Don’t offer food rewards or use food as a punishment

It is counterproductive to use food as a reward for good behavior. It is also counterproductive to offer food to your child as a treat when they’ve had a bad day. If you continue to do these, your child starts to associate food with their mood and behavior rather than as a vehicle to get rid of hunger. And never use food as a punishment by forcing your child to eat what he doesn’t want to eat or by depriving him of food because he was naughty.

Don’t make your home a place for negative body image talk

Even if you are not happy with your weight or with how you look, quit whining in front of your kids. Stop saying, “I am so fat”, or “I need to go on a diet ASAP with all that chocolate I had over the weekend.” Remember that what you say and how you say it influences your child in more ways than one. It’s been researched and established that children of parents with negative self-body image often wind up having a terrible relationship with food. Don’t go that route.

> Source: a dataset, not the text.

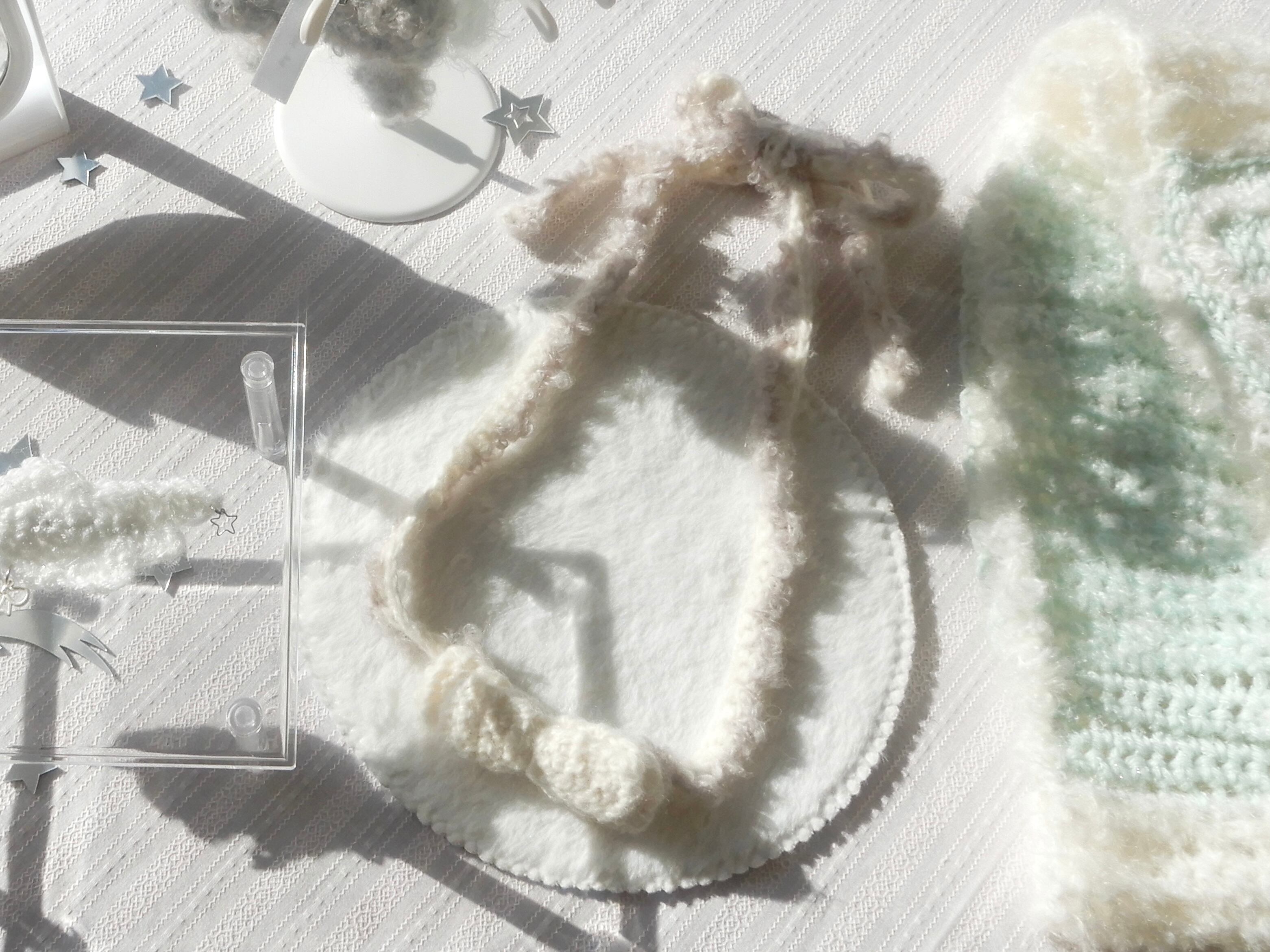 少し大きめ手編みのふんわり柔らかいりぼんと、紐部分のオフホワイトこ起毛の毛糸の周りのホワイトブラウンのループヤーンのフリルの縁どりがガーリーなアイテムᡣ੭

Involve your kids in the process of cooking

Knowing where your food comes from and getting involved in the cooking of it helps to foster a great relationship with food. Make the list of the foodstuff that you need and go grocery shopping with the kids. Let them help you prep and where it is safe, let them assist in the cooking.

Make a habit of eating at the table

Eating at the table as a family rather than getting into the habit of eating on the go and wherever you are will help to foster a good relationship with food. Most adults are overweight because they don’t practice mindful eating. Don’t let your child get into the habit of eating in front of the TV, eating as he plays a game or while surfing the net. When we don’t practice mindful eating, we almost always overeat.

Don’t get into the habit of telling him to clear his plate

Telling your child to clear his plate does not encourage a positive relationship with food, and often works against healthy eating. Let your child eat according to how hungry he is, and once he is full, let him stop. If you are worried about waste, try small servings rather than large ones and allow your child to take second helpings if he is not full the first time.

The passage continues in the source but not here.